## [Exercise instructions]
Set down exact lines only, from the line with "Öl, Acryl und" through the last line of the material below, with every picture left out.

## [Data in this exercise]
++++++

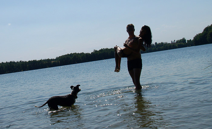 Trening rowerowy i pływanie w jeziorze nie były jedynymi nowościami wakacyjnych pobytów w Grzybnie. W maju 2012 roku przywieźliśmy z Chorwacji małego i bardzo mądrego rozbójnika, a to oznacza, że nasze psie stado powiększyło się do czterech sztuk (jak ja mogłam bez niego wcześniej żyć, no jak?!).
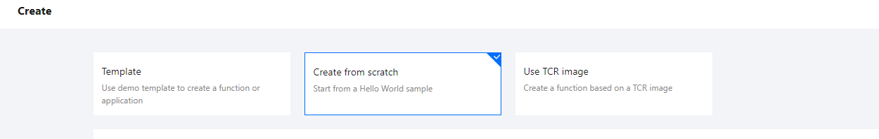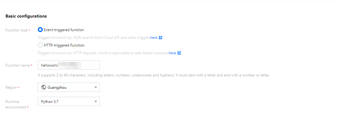 3. On the Create function page, select Create from scratch as shown below: 4. Configure the basic information of the function as shown below:
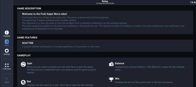 Fruit Nova utilizes a straightforward structure with only 5 paylines. This limited number of paylines suggests that wins may be less frequent compared to slots featuring a larger number of winning combinations. While a lower count can offer more predictable outcomes, it may also lead to prolonged periods with no significant wins.
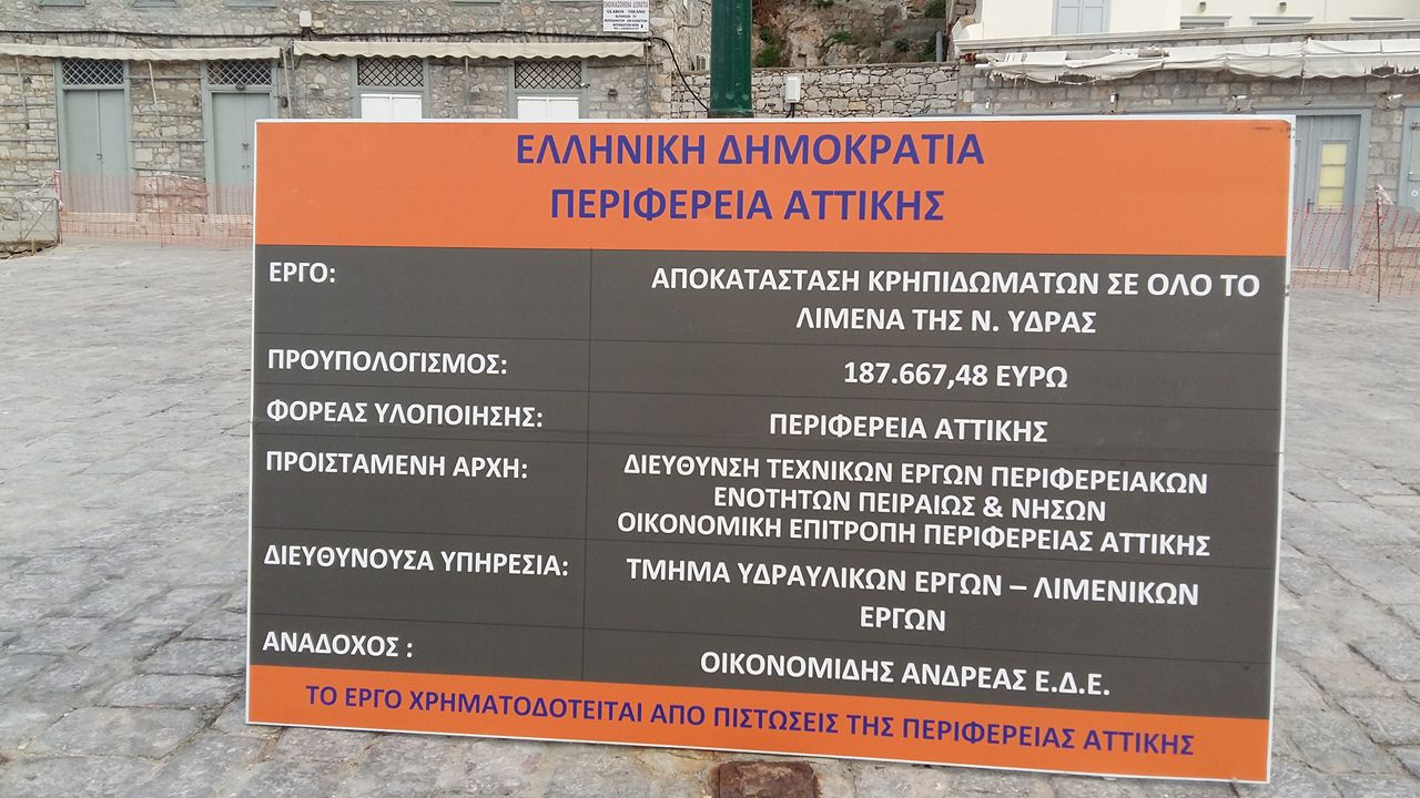 Ξεκίνησε το επισκευαστικό έργο αποκατάστασης κρηπιδώματος στον κεντρικό προβλήτα του λιμανιού της Ύδρας, ποσού 187.667,48 ευρώ. (συνολικού προϋπολογισμού 276.000 ευρώ).
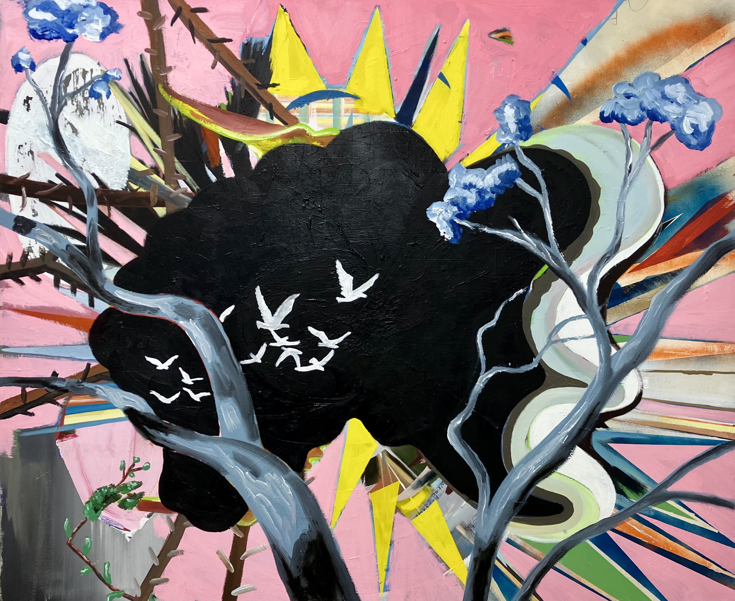 Öl, Acryl und Lack auf Hartfaserplatte. 60 x 45 x 0.5 cm, aus der Serie „Von Menschen und Vögel, unter anderem.“ 2024
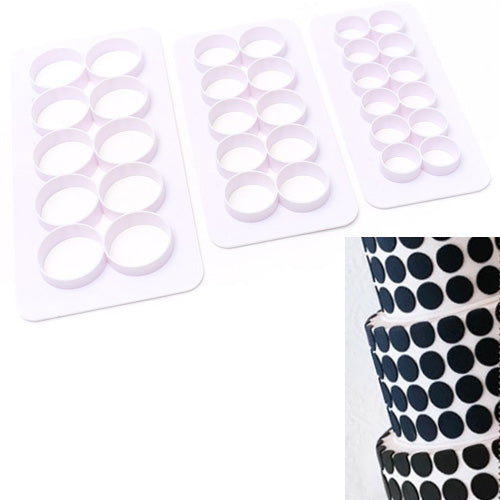 This multi circle cutter set includes 3 plastic cutters to allow you to quickly and easily cut out 10+ circle shapes. Allows you to easily create uniform geometric patterns on cakes, cupcakes and cookies. Made from food safe plastic.
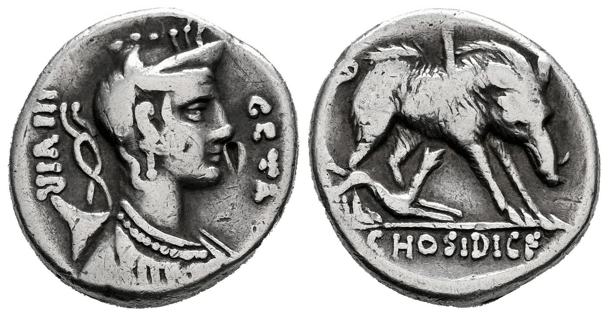 Hosidia. C. Hosidius C.f. Geta. Denario. 68 a.C. Sur de Italia. (Ffc-748). (Craw-407/2). (Cal-618). Anv.: Busto diademado de Diana a derecha, con arco y carcaj sobre las espaldas,GETA III. VIR. Rev.: Jabalí a derecha, atravesado por una flecha y atacado por un perro, en el exergo: C. HOSIDI. C.F. Ag. 3,85 g. MBC-. Est...70,00.

++++++

## [Result of this task]
 Öl, Acryl und Lack auf Hartfaserplatte. 60 x 45 x 0.5 cm, aus der Serie „Von Menschen und Vögel, unter anderem.“ 2024
 This multi circle cutter set includes 3 plastic cutters to allow you to quickly and easily cut out 10+ circle shapes. Allows you to easily create uniform geometric patterns on cakes, cupcakes and cookies. Made from food safe plastic.
 Hosidia. C. Hosidius C.f. Geta. Denario. 68 a.C. Sur de Italia. (Ffc-748). (Craw-407/2). (Cal-618). Anv.: Busto diademado de Diana a derecha, con arco y carcaj sobre las espaldas,GETA III. VIR. Rev.: Jabalí a derecha, atravesado por una flecha y atacado por un perro, en el exergo: C. HOSIDI. C.F. Ag. 3,85 g. MBC-. Est...70,00.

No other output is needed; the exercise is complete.